The young society was served in turn by noble and faithful ministers. The church multiplied and prospered. During the years 1857-8 the pastor was Rev. John W. Simpson. During this period a revival commenced on Chippins Hill, extended to Polkville (Edgewood) and other places. Conversions were many. On New Year’s Day, 1858, Mr. Simpson preached in the schoolhouse at Polkville. John Humphrey Sessions, who had previously “professed religion” attended the service, and before the meeting closed he was so impressed by a divine power that he here made a complete consecration of himself to God and precious results soon followed. That fact, simple in itself, has meant much to the town of Bristol and to the Methodist Church in particular. Mr. Sessions was an able, vigorous and successful business man. As he prospered the Methodist Church prospered.

In 1880, the congregation grew and moved to a new church, closer to the center of town, at the corner of the corner of Center and Summer Streets. This building was enlarged in 1888 and then replaced by a new edifice, which was dedicated in 1894. By then, the church was known as the Prospect Methodist Episcopal Church (now it is the Prospect United Methodist Church at 99 Summer Street). The church‘s construction was funded by John Humphrey Sessions.

Fuller’s Tavern (1769)

Fuller's Tavern, Berlin

George Washington recorded in his diary on November 10, 1789:

Left Hartford about 7 o’clock, and took the middle road (instead of the one through Middletown, which I went).— Breakfasted at Worthington, in the township of Berlin, at the house of one Fuller.

The tavern that Washington writes about still stands today at 1055 Worthington Ridge in Berlin. It was built circa 1769 and has later nineteenth century alterations. Ephraim Fuller, listed in the 1790 census, was probably the Fuller who ran the tavern. Additional details about the tavern are recorded in Catharine M. North‘s History of Berlin (1916):

Some years since, when the house was repainted, the date 1769 was discovered on the brick work of the chimney, about half-way between the roof and the top of the chimney. It was built to be used as a tavern with a public hall and ballroom on the second floor. […] Amos Kirby assumed the proprietorship of Fuller’s tavern about the year 1814, and lived on the place until his death in 1846 at the age of seventy-one. During the latter part of his years he carried on the business of a butcher and peddled meat about the town.
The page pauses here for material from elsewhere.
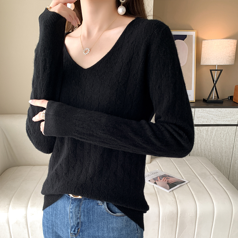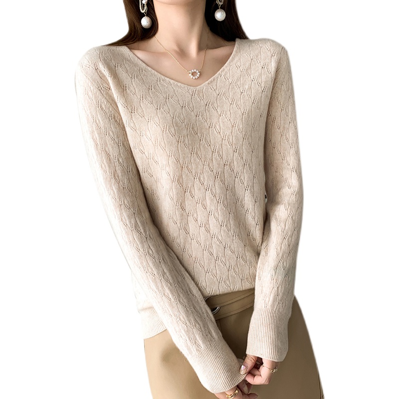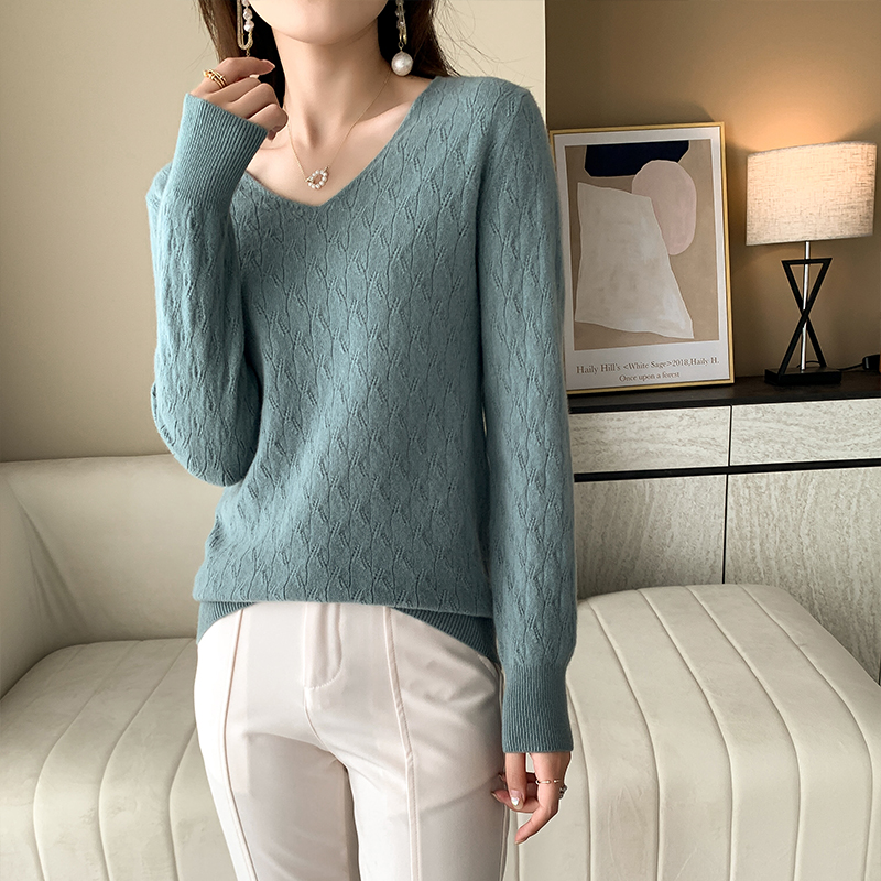 New 100 pure wool knitted in autumn and winter with long sleeves in hollowed sweater

Around 1884, when wallpaper was being removed from the Tavern’s east room on the second floor, a mural displaying Masonic symbols was uncovered. The room had once been part of the ballroom, which once ran across the entire house from east to west and was later converted into a Masonic Lodge room. It is thought to have been the meeting place of Berlin Lodge, No. 20, organized in 1791, which later became Harmony Lodge No. 20 of New Britain and merged with Friendship Lodge No. 33 of Southington in 1995.

Enfield Shaker Village Meeting House (1827)
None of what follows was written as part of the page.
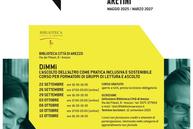 Il 22 settembre 2025dalle ore 16.30 alle ore 19.30, inizia presso la Biblioteca Città di Arezzo il corso "DiMMi: l'ascolto dell'altro come pratica inclusiva e sostenibile. Corso per formatori di gruppi di lettura e ascolto", volto principalmente a preparare i partecipanti a creare, gestire e facilitare gruppi di lettura e ascolto in contesti interculturali per contribuire alla promozione dell'inclusione sociale e del dialogo.

Shaker Meeting House, Enfield

Earlier this month I featured buildings at the Hancock Shaker Village on my site Historic Buildings of Massachusetts. Connecticut also had a Shaker village. It was located in Enfield, but not nearly as many of its buildings have survived and they have been restored as they have at Hancock. On this site, I’ve already featured the South Family Residence and the adjacent laundry, ice house and dairy. The Enfield Shaker community grew to include five “families.” Besides the South Family, there were the North, East and West Families and, centrally located, was the Church Family. The first to be organized, the Church Family had overall control over the entire Enfield Shaker settlement. The last Enfield Shakers left the area in 1917. The State of Connecticut purchased the former Shaker property in 1931 for what is now the Enfield Correctional Institution. One of only two buildings to survive from the Church Family is the former Meeting House/Trustee House. Built in 1827, the building had an open meeting hall for the entire community and (perhaps later?) housed the Trustees, who handled the community‘s dealings with the outside world. Shakers were associated with reform movements, such as abolitionism: Sojourner Truth once spoke at the Meeting House.